How Brands Can Combat Teen Loneliness

COVID-19 has brought with it yet another disastrous side effect: an epidemic of loneliness, felt most acutely by young adults. According to researchers at Harvard’s Graduate School of Education, more than a third of Americans 18-65 report feeling lonely at least “frequently” in the past four weeks, up from a quarter right before the pandemic. Meanwhile, 28% say that they are feeling lonely more frequently during quarantine. Among Adults 18-25, a staggering 61% report feeling serious loneliness in the past month, compared to just 24% of Adults 55-65.

What causes young adults to feel so lonely? For starters, they’re the most social creatures, so quarantine has curtailed their interactions more than anybody else’s. Many have experienced disruptions in their schooling, going from in-person education to remote learning or “gap years.” Those in the workplace are just starting their careers, and more likely to be employed in the service industries hit hardest by the lockdowns, performing tasks that can’t be conducted remotely.



And lastly, while many older adults have spouses and kids to keep them company in their quarantine bubble, most teens and young adults haven’t formed these relationships yet, and are just in the process of leaving their birth families for their chosen ones, a process hindered by quarantine.

Young adults are also the most likely to stay in touch via social media, which serves as a double-edged sword. While it’s easier than ever to maintain virtual relationships, nothing fully replaces face-to-face conversations, physical contact, and in-person hanging out. Many young adults have traded “quality time” with their best friends for being alone, or stuck at home with their parents and siblings, while seeing a world of carefully curated, filtered images of their peers “living their best lives,” or at least appearing to. The disconnect and downward comparisons also exacerbate feelings of loneliness; the only thing worse than being alone and isolated is feeling like everybody else is out having fun.

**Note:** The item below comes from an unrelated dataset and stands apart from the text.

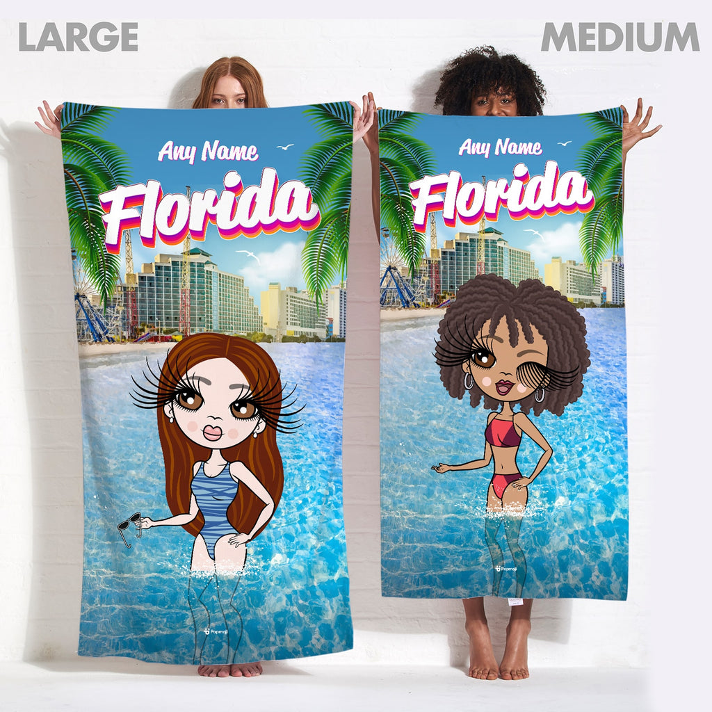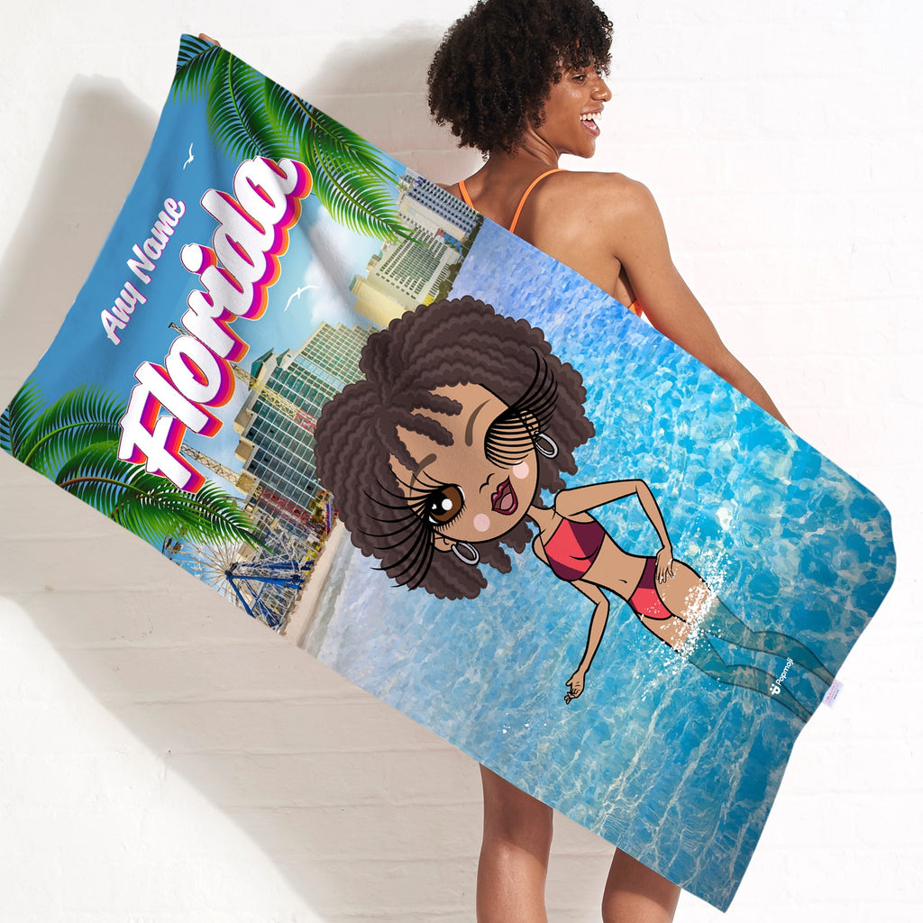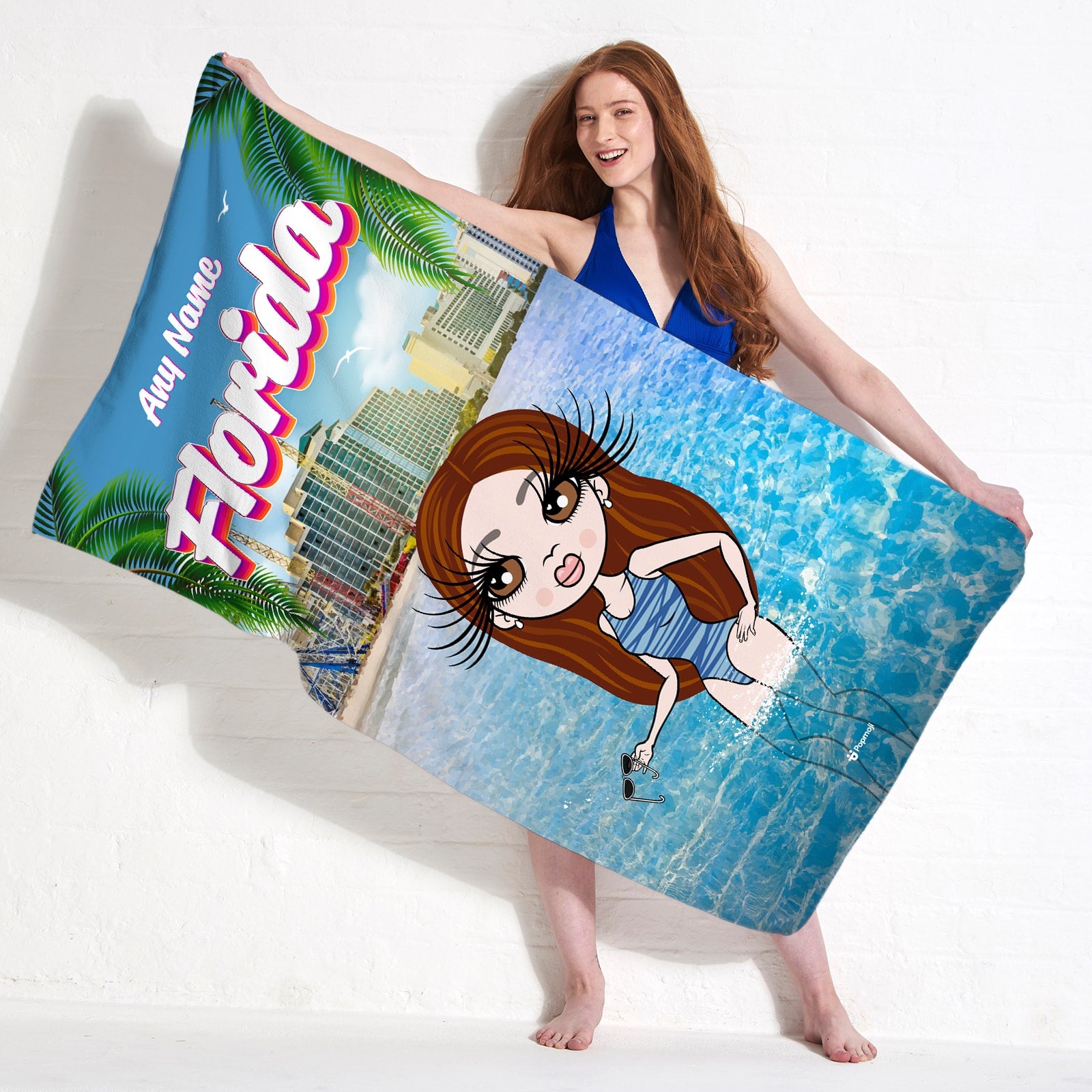 Beach Please! Up your game with the towel that holidays were made for, packing your holiday or break or even bathroom with the WOW factor . The personalised ClaireaBella beach towel features your created character in the style of ClaireaBella, on a fabulous design.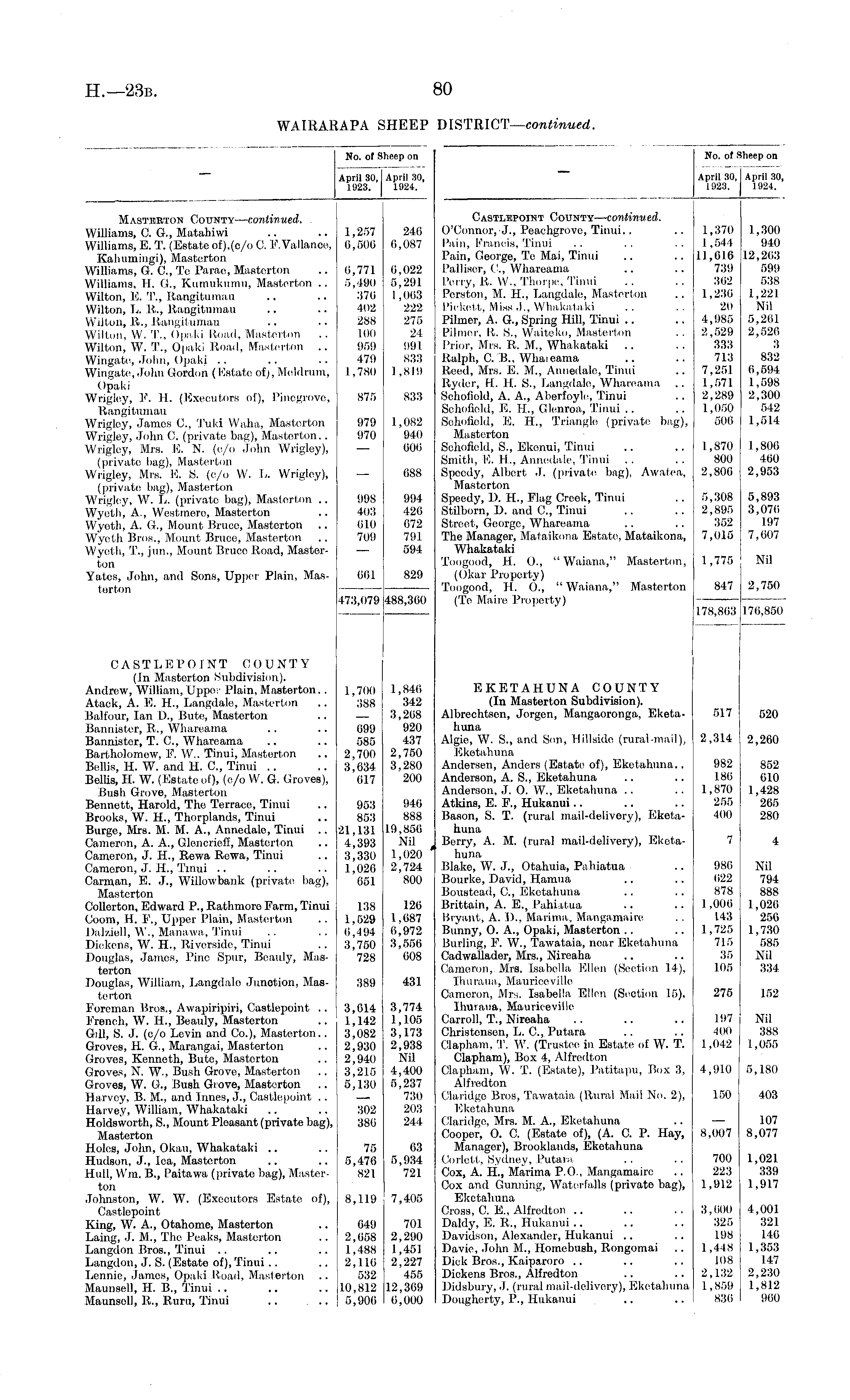 No. of Sheep on April 30, April 30, 1923. 1924. Castlepoint County—continued. O'Connor, J., Peachgrove, Tinui.. .. 1,370 1,300 Pain, Francis, Tinui .. .. .. 1,544 940 Pain, George, Te Mai, Tinui .. .. 11,016 12,203 Palliser, C., Whareama .. .. 739 599 L'erry, R. W., Thorpe, Tinui .. .. 302 538 Perston, M. H., Langdale, Masterton .. 1,230 1,221 Pickett, Miss J., Whakataki .. .. 20 Nil Pilmer, A. G., Spring Hill, Tinui .. .. 4,985 5,201 Pilmer, K. S., Waiteko, Masterton .. 2,529 2,520 Prior, Mrs. R. M., Whakataki .. . . 333 3 Ralph, C.'B., Whaieama .. .. 713 832 Reed, Mrs. E. M., Annedale, Tinui .. 7,251 0,594 Ryder, H. H- S., Langdale, Whareama .. 1,571 1,598 Schofiold, A. A., Aberfoyle, Tinui .. 2,289 2,300 Schofield, E. H., Glcnroa, Tinui .. .. 1,050 542 Schofiold, E. H., Triangle (private bag), 500 1,514 Masterton Schofield, S., Ekenui, Tinui .. .. 1,870 1,800 Smith, E. H., Annedale, Tinui .. .. 800 400 Speedy, Albert J. (private bag), Awatea, 2,806 2,953 Masterton Speedy, D. H., Flag Creek, Tinui .. 5,308 5,893 Stilborn, D. and C., Tinui .. .. 2,895 3,070 Street, George, Whareama .. .. 352 197 The Manager, Mataikona Estate, Mataikona, 7,015 7,607 Whakataki Toogood, H. O., " Waiana," Masterton, 1,775 Nil (Okar Property) - Toogood, H. O., "Waiana," Masterton 847 2,750 (Te Maire Property) 178,803 170,850 EKETAHUNA COUNTY (In Masterton Subdivision). Albrechtsen, Jorgen, Mangaoronga, Eketa- 517 520 huna Algie, W. S., and Son, Hillside (rural-mail), 2,314 2,260 Eketahuna Andersen, Anders (Estate of), Eketahuna.. 982 852 Anderson, A. S., Eketahuna .. .. 180 010 Anderson, ,1. 0. W., Eketahuna .. .. 1,870 1,428 Atkins, E. F., Hukanui.. .. .. 255 265 Bason, S. T. (rural mail-delivery), Eketa- 400 280 huna Berry, A. M. (rural mail-delivery), Eketa- 7 4 huna Blake, W. J., Otahuia, Pahiatua .. 986 Nil Bourke, David, Hamua .. .. 022 794 Boustead, C., Eketahuna .. .. 878 888 Brittain, A. E., Pahiatua .. .. 1,006 1,026 Bryant, A. D., Marima, Mangamaire .. 143 250 Bunny, O. A., Opaki, Masterton .. .. 1,725 1,730 Burling, F. W., Tawataia, near Eketahuna 715 585 Cadwallader, Mrs., Nireaha .. .. 35 Nil Cameron, Mrs. Isabella Ellen (Section 14), 105 334 Ihuraua, Mauriceville Cameron, Mrs. Isabella Ellen (Section 15), 275 152 Ihuraua, Mauriceville Carroll, T., Nireaha .. .. .. 197 Nil Christensen, L. C., Putara .. .. 400 388 Clapham, T. W. (Trustee in Estate of W- T. 1,042 1,055 Clapham), Box 4, Alfredton Clapham, W. T. (Estate), Patitapu, Box 3, 4,910 5,180 Alfredton Claridge Bros, Tawataia (Rural Mail No. 2), 150 403 Eketahuna Claridge, Mrs. M. A., Eketahuna .. — 107 Cooper, O. C. (Estate of), (A. C. P. Hay, 8,007 8,077 Managor), Brooklands, Eketahuna Corlett, Sydney, Putara .. .. 700 1,021 Cox, A. H., Marima P.O., Mangamaire .. 223 339 Cox and Gunning, Waterfalls (private bag), 1,912 1,917 Eketahuna Cross, C. E., Alfredton .. .. .. 3,600 4,001 Daldy, E. R., Hukanui .. .. .. 325 321 Davidson, Alexander, Hukanui .. .. 198 140 Davie, John M., Homebush, Rongomai .. 1,448 1,353 Dick Bros., Kaiparoro .. .. .. 108 147 Dickens Bros., Alfredton .. .. 2,132 2,230 Didsbury, J. (rural mail-delivery), Eketahuna 1,859 1,812 Dougherty, P., Hukanui .. .. 830 900

Fortunately, there are steps that brands can take to ameliorate loneliness in teens and young adults -- not only connecting more deeply with them, but helping them connect more deeply with one another:

*Build communities around brand. Most leading brands have millions of superfans around the country, who are interested enough to follow the brand on social media. In lieu of in-person friendships, consumers could join online communities to connect with fellow Porsche buffs, or Apple fanatics, or Chick-fil-A lovers. These shared interests could form the basis of deep and meaningful friendships between consumers; the community would keep them engaged with the brand; and the brand could also gain new insights from listening to customer conversations.

*Provide mental health resources. Brands can leverage their promotional platforms to offer their youngest consumers advice and best practices on mental and physical health. The advice would be particularly resonant if it somehow connects with the brand promise: for instance, Nike could offer tips on “Just doing it” in a socially distanced way, or Southwest Airlines could offer ideas on safe, local day trips until it’s safe to fly again.

*Connect consumers with causes. A proven cure for loneliness is to help others, and brands can also empower consumers to give back to their communities. Again, this messaging would be most powerful when related to the brand promise, such as Purina connecting pet lovers with local animal shelters, or Kraft connecting grocery shoppers with local food pantries. This would create a powerful halo effect for the brand, and improve its reputation for corporate social responsibility.

Nobody should have to go through quarantine alone. Brands that provide comfort and support to young consumers will earn a friend for life.